Data Science & AnalyticsPython · Research support
AI Adoption in Marketing
The Mediating Role of Perception
A research analytics collaboration: statistical analysis in Python for a study of what drives AI adoption among marketers, and how perception mediates the path from awareness to adoption.

- Role
- Research analytics collaboration: resources, analytical support and statistical assistance. The associated report was written by another researcher.
- Type
- Professional work
- Status
- Completed analysis
- Tools
- Python · pandas · statsmodels · Pingouin · matplotlib · seaborn
- Respondents
- 250 marketers
- Methods
- OLS · mediation
- Language
- Python
- Project type
- Research support
Case study
01Question
Drivers, and the role of perception
Two questions: which organizational and market factors predict AI adoption, and do perceptions of AI (usefulness, ease of use, trust, risk) mediate the relationship between awareness and adoption?
02Workflow
A reproducible Python pipeline
- Data preparation and profiling with pandas
- Descriptive statistics and normality checks
- Correlation analysis and scatterplots
- OLS regression with statsmodels
- Mediation analysis with Pingouin
- Visualization with matplotlib and seaborn

03Regression
Customer expectations led
The model explained 64.7% of the variance in adoption (R² = .647, adjusted R² = .641; F = 112.3; Durbin–Watson = 1.751).

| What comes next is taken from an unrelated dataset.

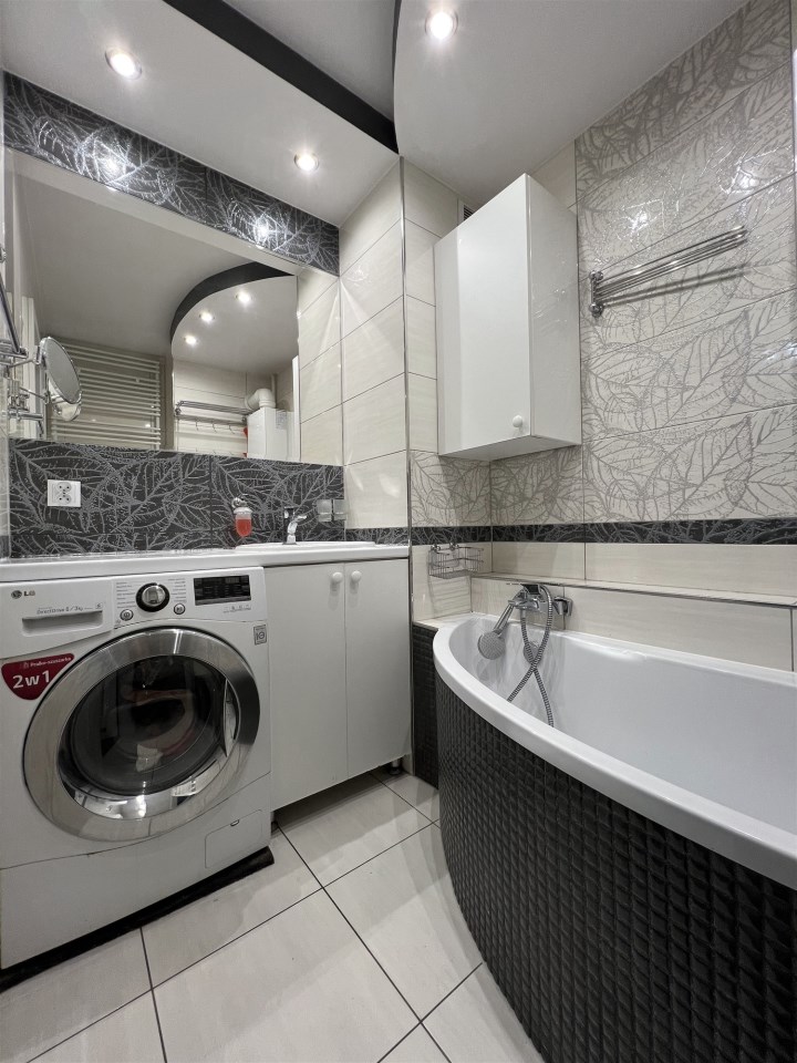 | Wyposażenie łazienki | WC, wanna zabudowana, wanna narożna, umywalka na szafce, pralka, lustro |

Customer expectations (β = .548) were the strongest predictor, followed by market competition (β = .218) and implementation cost (β = .124), all p ≤ .004. The regulatory and legal environment was not significant (β = −.039, p = .422).

04Mediation
Usefulness and trust carried the effect
Perceived usefulness (indirect effect .102, about 21.6% of the total) and trust (.131, about 27.8%) mediated the awareness–adoption relationship. Perceived ease of use (.072) and risk (−.058) did not. The total indirect effect was about .247 against a direct effect of about .225.

05Implications
What the evidence supports
Among these marketers, adoption tracked competitive pressure, customer expectations and positive perceptions of AI more than regulation. The data are cross-sectional, so the results describe associations rather than causes.